* **TASK TO COMPLETE**: Exactly the lines from the beginning of the records to the line with "Con la Aeropress", both ends included, are to be given again, and pictures are to be left out.

* **DATA SHOWN**:
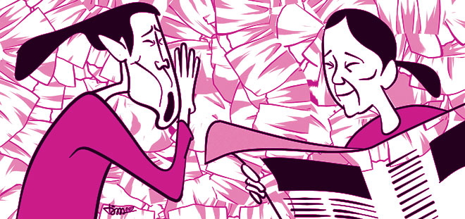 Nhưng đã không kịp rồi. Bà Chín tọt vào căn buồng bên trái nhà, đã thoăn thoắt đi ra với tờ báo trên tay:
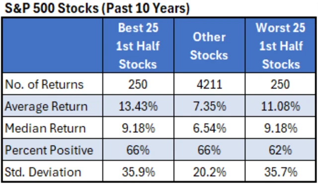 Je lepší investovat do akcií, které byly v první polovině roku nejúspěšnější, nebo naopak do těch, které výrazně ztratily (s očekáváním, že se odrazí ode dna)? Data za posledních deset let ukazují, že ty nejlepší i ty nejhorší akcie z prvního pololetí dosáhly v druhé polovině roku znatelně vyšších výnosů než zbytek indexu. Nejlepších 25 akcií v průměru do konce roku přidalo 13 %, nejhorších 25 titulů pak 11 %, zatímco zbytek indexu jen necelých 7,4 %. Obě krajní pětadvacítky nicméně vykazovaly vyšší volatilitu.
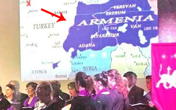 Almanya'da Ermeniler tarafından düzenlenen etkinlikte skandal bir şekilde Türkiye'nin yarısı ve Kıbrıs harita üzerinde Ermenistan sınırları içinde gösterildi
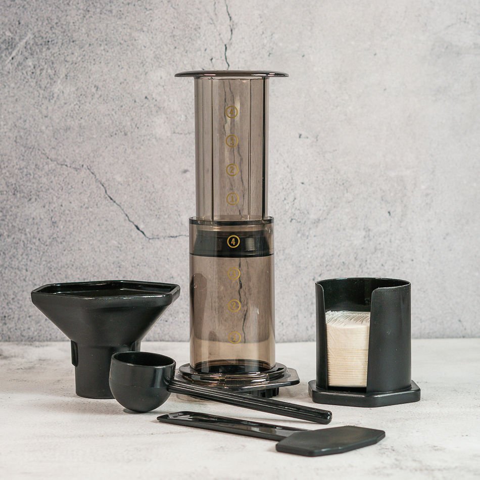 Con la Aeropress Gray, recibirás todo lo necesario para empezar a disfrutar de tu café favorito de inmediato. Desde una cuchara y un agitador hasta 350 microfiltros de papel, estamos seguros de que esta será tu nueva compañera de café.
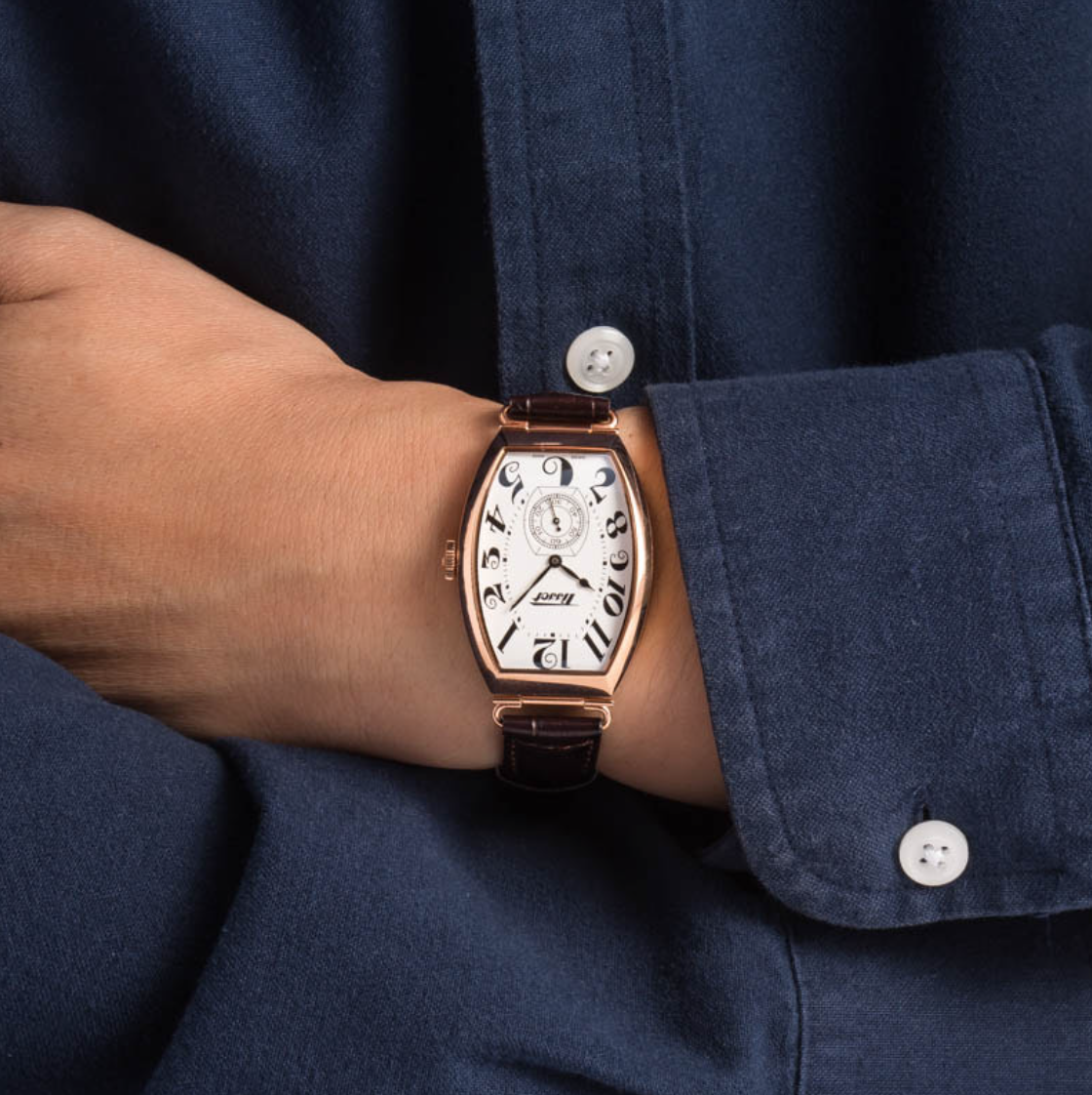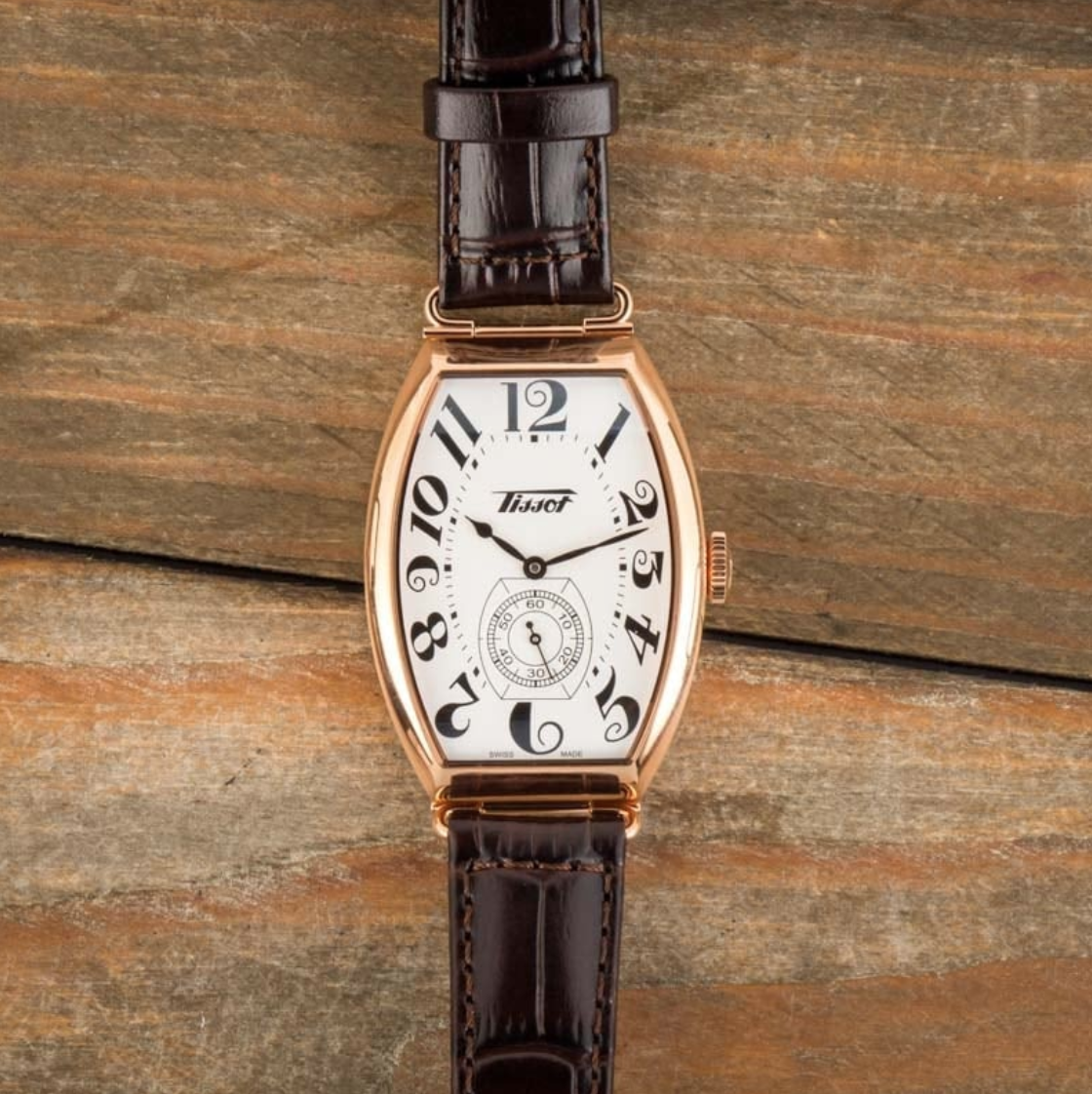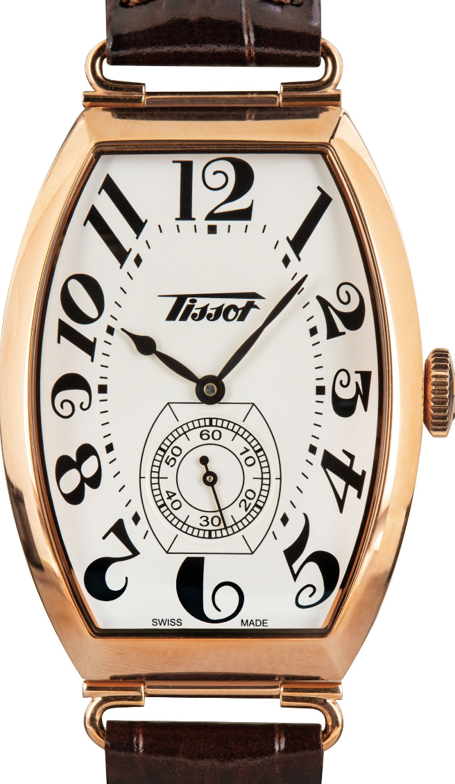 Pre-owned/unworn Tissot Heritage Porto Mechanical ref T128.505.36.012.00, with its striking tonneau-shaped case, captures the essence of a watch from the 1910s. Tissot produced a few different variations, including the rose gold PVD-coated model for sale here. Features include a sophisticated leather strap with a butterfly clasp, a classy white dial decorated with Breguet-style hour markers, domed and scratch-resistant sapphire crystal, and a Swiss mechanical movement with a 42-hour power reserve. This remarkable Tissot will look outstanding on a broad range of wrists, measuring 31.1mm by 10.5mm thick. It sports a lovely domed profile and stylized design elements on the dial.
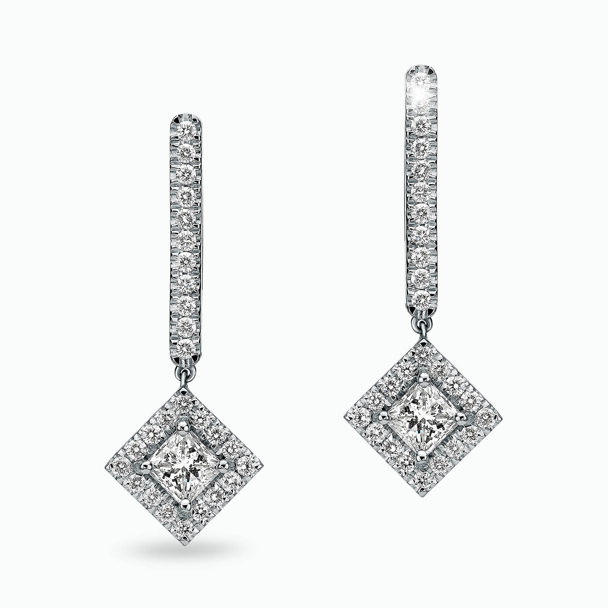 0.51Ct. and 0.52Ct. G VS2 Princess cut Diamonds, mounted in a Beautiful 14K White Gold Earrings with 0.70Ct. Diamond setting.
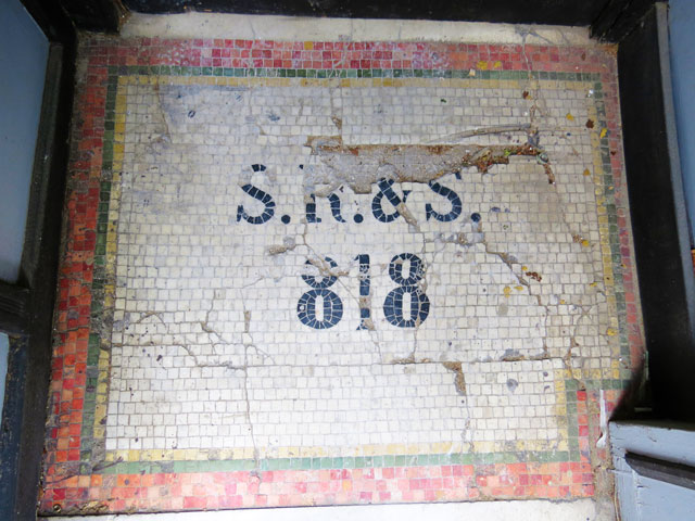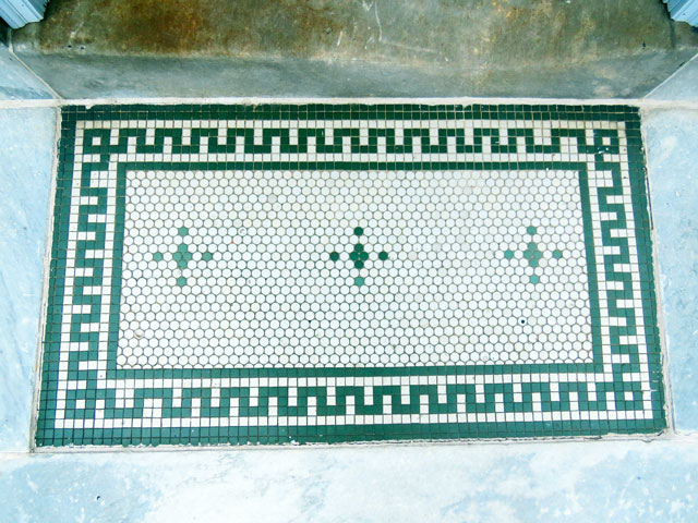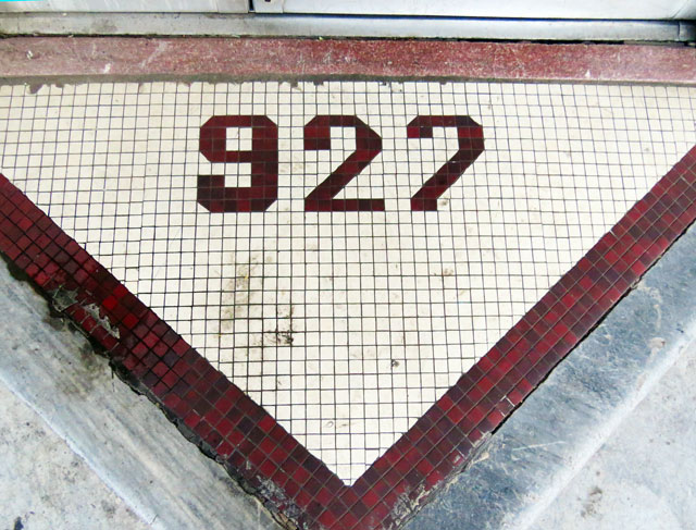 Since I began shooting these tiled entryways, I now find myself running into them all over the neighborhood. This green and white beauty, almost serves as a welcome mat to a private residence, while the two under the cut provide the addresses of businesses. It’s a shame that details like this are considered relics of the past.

* **EXERCISE SOLUTION**:
 Nhưng đã không kịp rồi. Bà Chín tọt vào căn buồng bên trái nhà, đã thoăn thoắt đi ra với tờ báo trên tay:
 Je lepší investovat do akcií, které byly v první polovině roku nejúspěšnější, nebo naopak do těch, které výrazně ztratily (s očekáváním, že se odrazí ode dna)? Data za posledních deset let ukazují, že ty nejlepší i ty nejhorší akcie z prvního pololetí dosáhly v druhé polovině roku znatelně vyšších výnosů než zbytek indexu. Nejlepších 25 akcií v průměru do konce roku přidalo 13 %, nejhorších 25 titulů pak 11 %, zatímco zbytek indexu jen necelých 7,4 %. Obě krajní pětadvacítky nicméně vykazovaly vyšší volatilitu.
 Almanya'da Ermeniler tarafından düzenlenen etkinlikte skandal bir şekilde Türkiye'nin yarısı ve Kıbrıs harita üzerinde Ermenistan sınırları içinde gösterildi
 Con la Aeropress Gray, recibirás todo lo necesario para empezar a disfrutar de tu café favorito de inmediato. Desde una cuchara y un agitador hasta 350 microfiltros de papel, estamos seguros de que esta será tu nueva compañera de café.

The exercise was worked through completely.